The channel is known for its videos on restorations of old computers and retrocomputer development content, and more generally on demonstrations of old technology.

David Murray is a co-founder of the Time Rift Arcade in Bedford, Texas. Murray is also passionate about electric cars, and has published videos about them on his channel. Murray co-hosts the GeekBits podcast alongside his brother Mike Murray and friend Craig Bowes.

== Game releases ==
Murray has developed video games designed to run on old computers, including:

- Planet X1 for the VIC-20,
- Planet X2 for Commodore 64,
- Planet X3 for MS-DOS,
- Planet X16 for the Commander X16, and
- Attack of the PETSCII Robots for the Commodore PET. The game has since been ported to many other platforms, including the VIC-20, Commodore 64, Commodore 128, Amiga, Apple II, ZX Spectrum, and Atari 8-bit computers.

Murray has demonstrated the development of these games on his YouTube channel. Additionally, he has developed PETDraw for various Commodore computers, a pseudo-raster drawing software using PETSCII.

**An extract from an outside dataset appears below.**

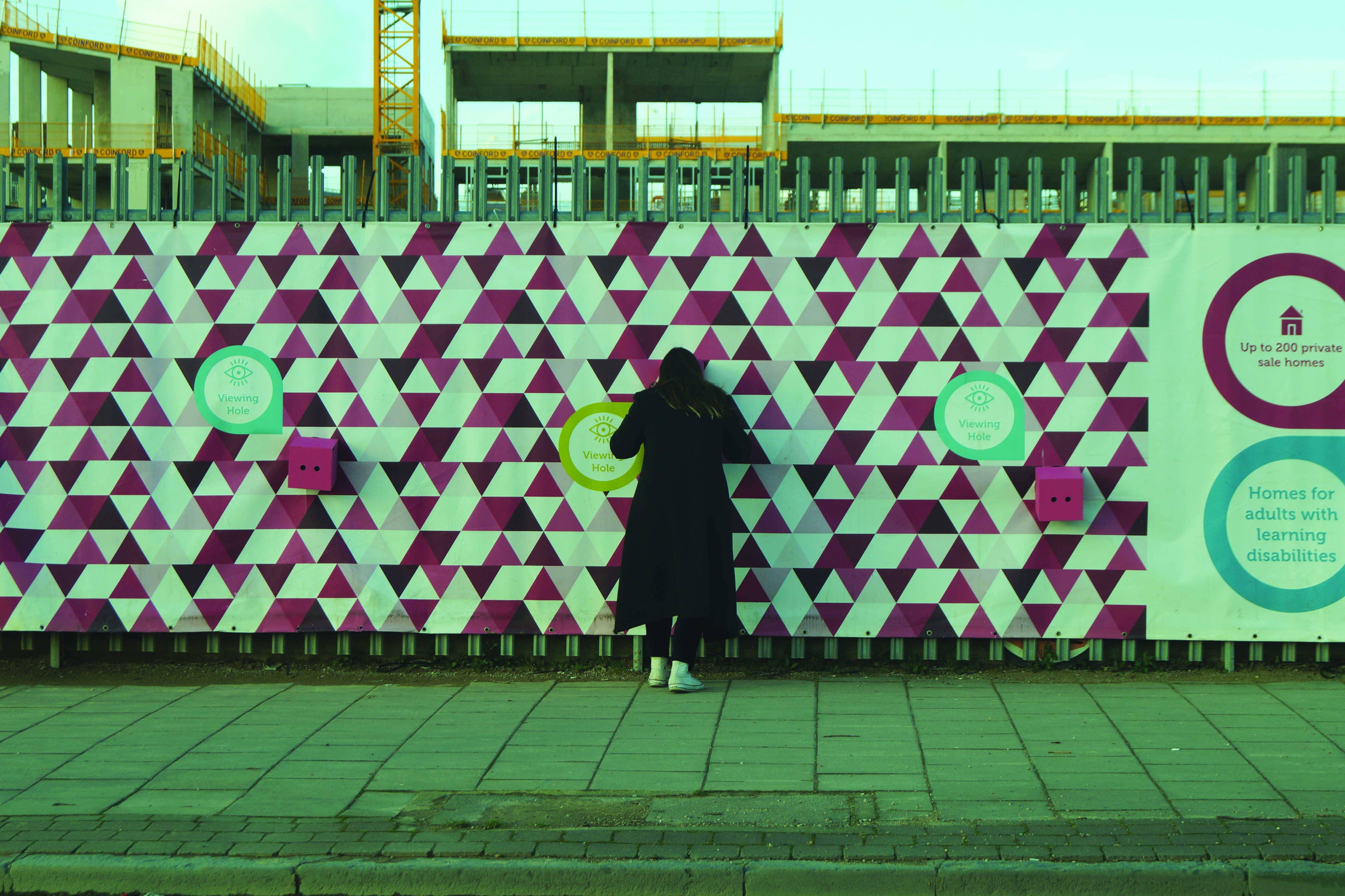 The subsequent project is an interactive installation in the form of peep show devices that are placed onto the hoarding wall within the housing estate. This therefore completes the triptych in the story of the mediation of Aylesbury Estate.Â

== Commander X16 retrocomputer ==
Murray is working on the Commander X16, a new 8-bit computer inspired by the Commodore 64 and designed to be largely period-accurate to it, but made using modern off-the-shelf parts (Note: except for a few new old stock chips such as the YM2151) mostly analogous to period parts but with better-assured continued availability. (Note: As of the 2020s, there is a lot of price gouging and counterfeiting in period electronic parts, hence relying on genuine period parts would impact affordability.)

== Personal life ==
Murray lives with his wife and daughter in the Dallas–Fort Worth area in Texas. He has lived in his current house in Kennedale since the mid-1990s. Prior to their buyout, he used to work for AST Research as a tech support specialist. His second cousins were musicians Dimebag Darrell and Vinnie Paul of Pantera.